Jakarta, Gontornews — Wakil Ketua Majelis Permusyawaratan Rakyat Republik Indonesia (MPR RI) Dr HM Hidayat Nur Wahid MA menyatakan sangat prihatin dengan terjadinya perang yang bukan hanya dilakukan dalam serangan terkutuk AS dan Israel atas Iran. Serangan ini menjauhkan kawasan dari perdamaian, meruntuhkan legitimasi Board of Peace dan relevansi keanggotaan Indonesia di dalamnya.
Maka ia mengingatkan Presiden Prabowo bila akan melakukan mediasi, sebagaimana dikabarkan oleh Menlu RI, untuk tetap dalam koridor konsistensi melaksanakan Konstitusi.
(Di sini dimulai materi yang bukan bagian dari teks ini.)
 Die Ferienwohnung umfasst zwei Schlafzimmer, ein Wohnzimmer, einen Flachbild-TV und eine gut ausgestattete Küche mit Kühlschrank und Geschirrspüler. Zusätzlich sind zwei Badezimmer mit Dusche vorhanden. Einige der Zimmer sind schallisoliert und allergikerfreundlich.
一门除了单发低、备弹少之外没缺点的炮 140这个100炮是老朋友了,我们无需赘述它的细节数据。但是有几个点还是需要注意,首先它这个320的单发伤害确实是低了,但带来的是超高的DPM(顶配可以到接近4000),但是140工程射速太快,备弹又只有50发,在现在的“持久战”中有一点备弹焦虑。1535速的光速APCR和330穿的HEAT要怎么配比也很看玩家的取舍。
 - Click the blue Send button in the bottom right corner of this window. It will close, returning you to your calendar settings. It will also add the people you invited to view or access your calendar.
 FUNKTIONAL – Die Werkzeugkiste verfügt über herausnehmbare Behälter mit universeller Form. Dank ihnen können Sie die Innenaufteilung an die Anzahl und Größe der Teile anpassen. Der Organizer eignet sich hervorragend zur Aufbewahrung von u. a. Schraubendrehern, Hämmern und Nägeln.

Sehingga bukan hanya memediasi untuk penghentian perang Amerika Serikat & Israel atas Iran yang terbukti menjauhkan kawasan dari “perdamaian”/peace, tapi juga untuk hentikan perang antara Pakistan dan Afghanistan.
Itu semua sebagai sebagai bentuk konsistensi pelaksananaan alinea ke-4 Pembukaan UUD NRI 1945 yakni antara lain turut aktif mewujudkan perdamaian dunia. Sebagai negara berdaulat yang tetap bebas aktif turut serta menghadirkan perdamaian, menghentikan perang, dan mempersiapkan situasi yang kondusif di Timur Tengah dan di kawasan internasional lainnya.
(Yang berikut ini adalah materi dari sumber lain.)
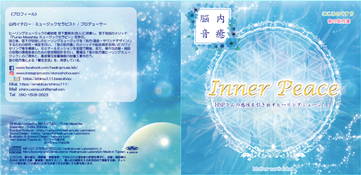 CD「Inner Peace」が、HSPの皆さまの日々の暮らしで、お部屋で、交通機関の移動中、外出先、仕事場などでお聞き頂き、「いやな音」「きらいな音」「気になる音」が緩和され、心地よくお過ごしいただけるようになれば幸いです♬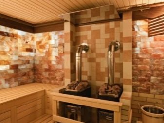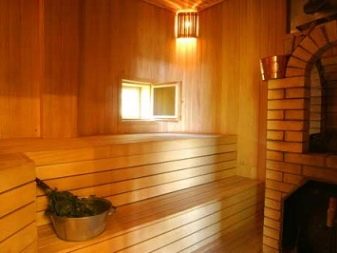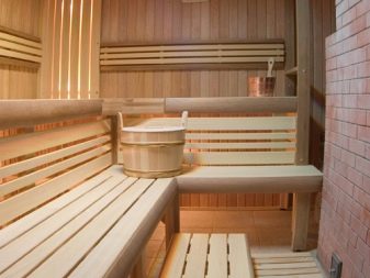 Es ist zulässig, auf Edelstahlteile nur dann anzuwenden, wenn eine Rahmenbasis entworfen wird, die in Zukunft mit Platten abgedeckt wird. Dies ist aufgrund der Tatsache, dass Metallhalterungen können sehr heiß im Dampfbad und Sie können versehentlich über sie verbrannt werden, wenn sie auf der Oberfläche sind.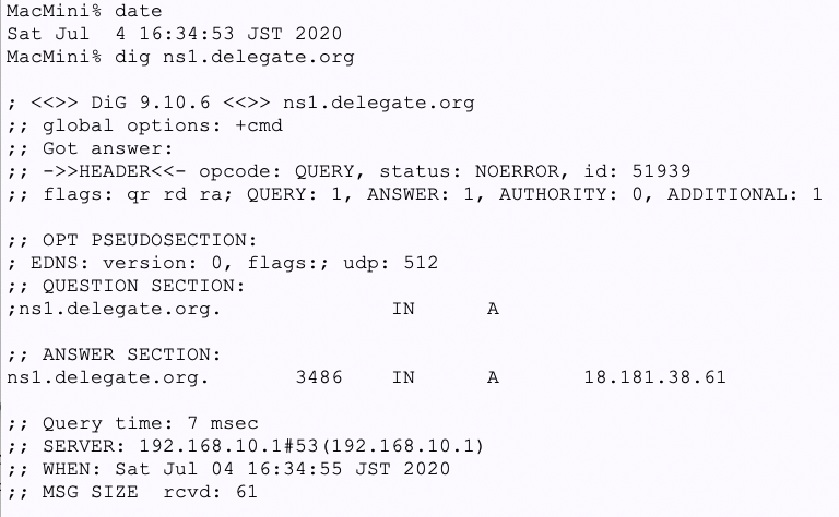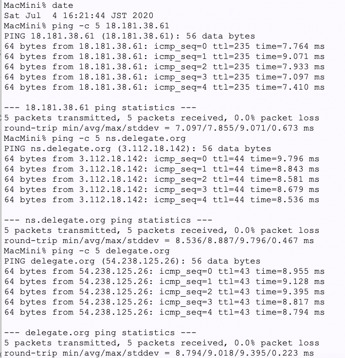 基盤:で再度会社からdig @18.181.38.61 ... OK。ping … OK。うーん、なぜか Ubuntu より若干速いです。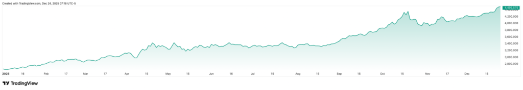 根据年初至今的业绩数据,假设投资者在2025年初将1000美元平均分配到比特币、以太坊、黄金和白银,那么其投资组合的总价值目前约为1505美元,累计收益约为50%。整体收益主要由贵金属推动,足以弥补加密货币的损失。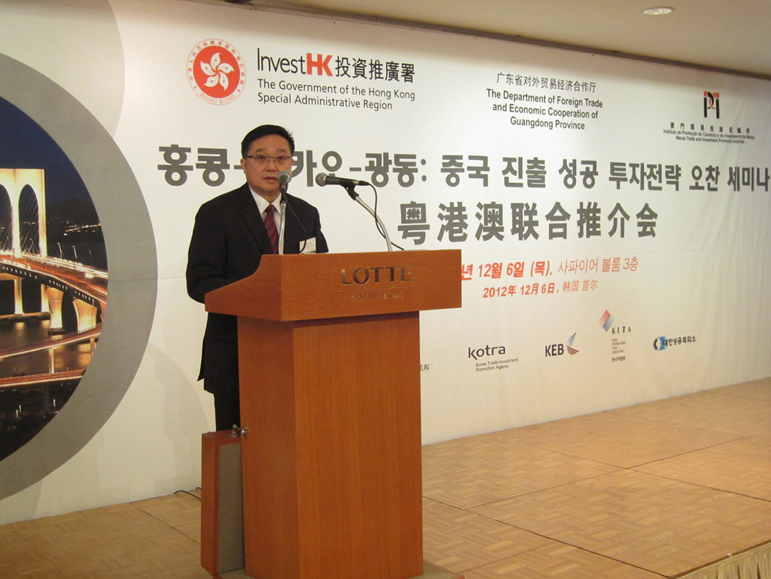 由廣東省對外貿易經濟合作廳、香港投資推廣署,澳門貿易投資促進局聯合主辦 “2012粵港澳聯合推介會” 於2012年12月6日,在韓國首爾樂天酒店舉行。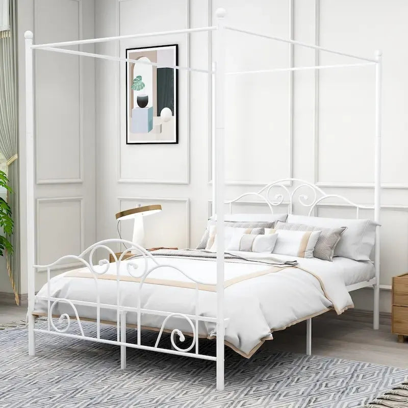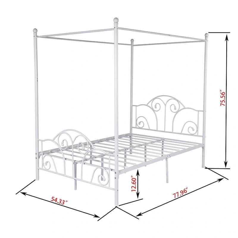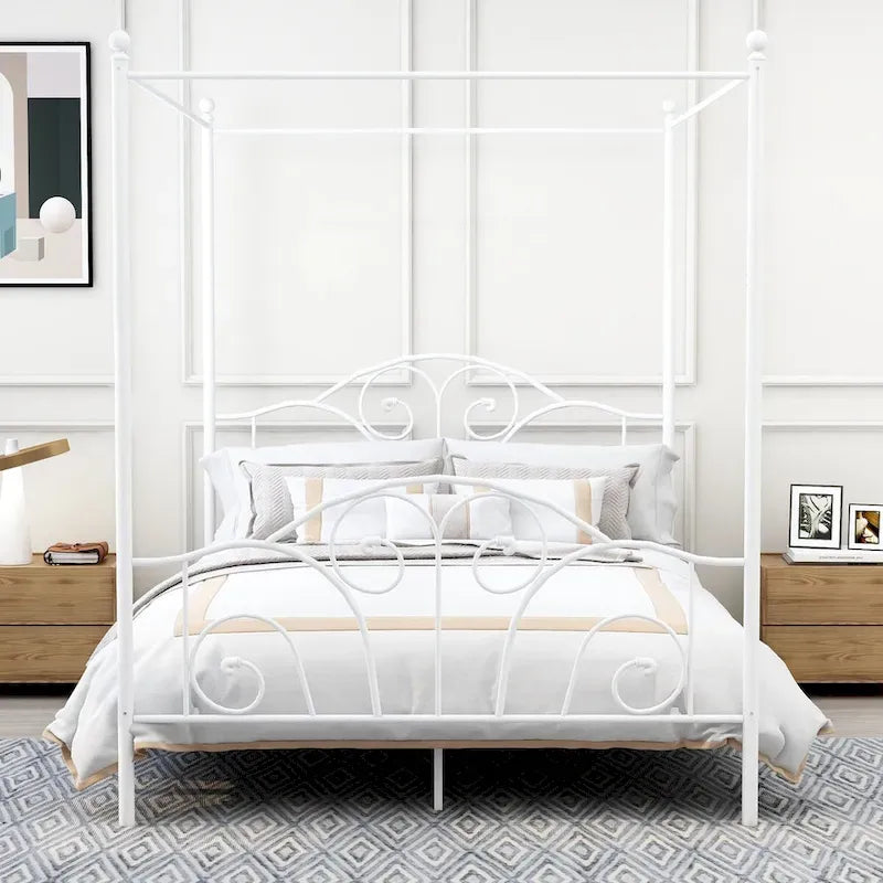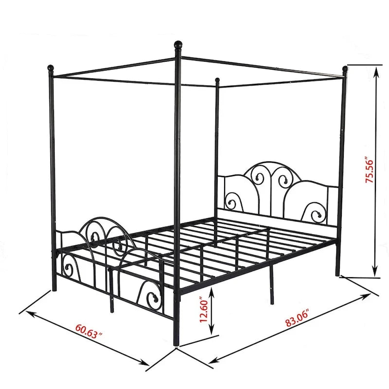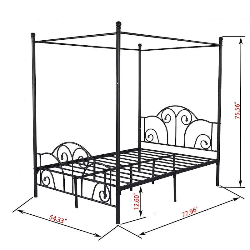 Cadre de lit à baldaquin en métal à quatre poteaux Aufank Vintage

“Pernyataan Kementerian Luar Negeri bahwa Presiden Prabowo siap melakukan mediasi, apabila disetujui kedua belah pihak, perlu diingatkan koridor Konstitusionalnya. Memang benar serangan AS dan Israel atas Iran telah menjauhkan terwujudnya perdamaian dan stabilitas kawasan di Timur Tengah dan keamanan global. Tapi yang terjadi dalam perang Pakistan vs Afghanistan juga tidak menghadirkan perdamaian sebagaimana diharapkan oleh Konstitusi. Karenanya sangat wajar kalau Presiden Prabowo selain ke Teheran dan Washington, juga ke Islamabad dan Kabul, untuk juga menginisiasi mediasi penghentian perang antara Pakistan dan Afghanistan, dua negara Muslim yang malah sangat dekat dengan Indonesia, dan keduanya sangat menghormati Indonesia, agar keduanya segera menghentikan perang dan kembali berdamai,” ujarnya melalui siaran pers di Jakarta, Ahad (1/3/2026).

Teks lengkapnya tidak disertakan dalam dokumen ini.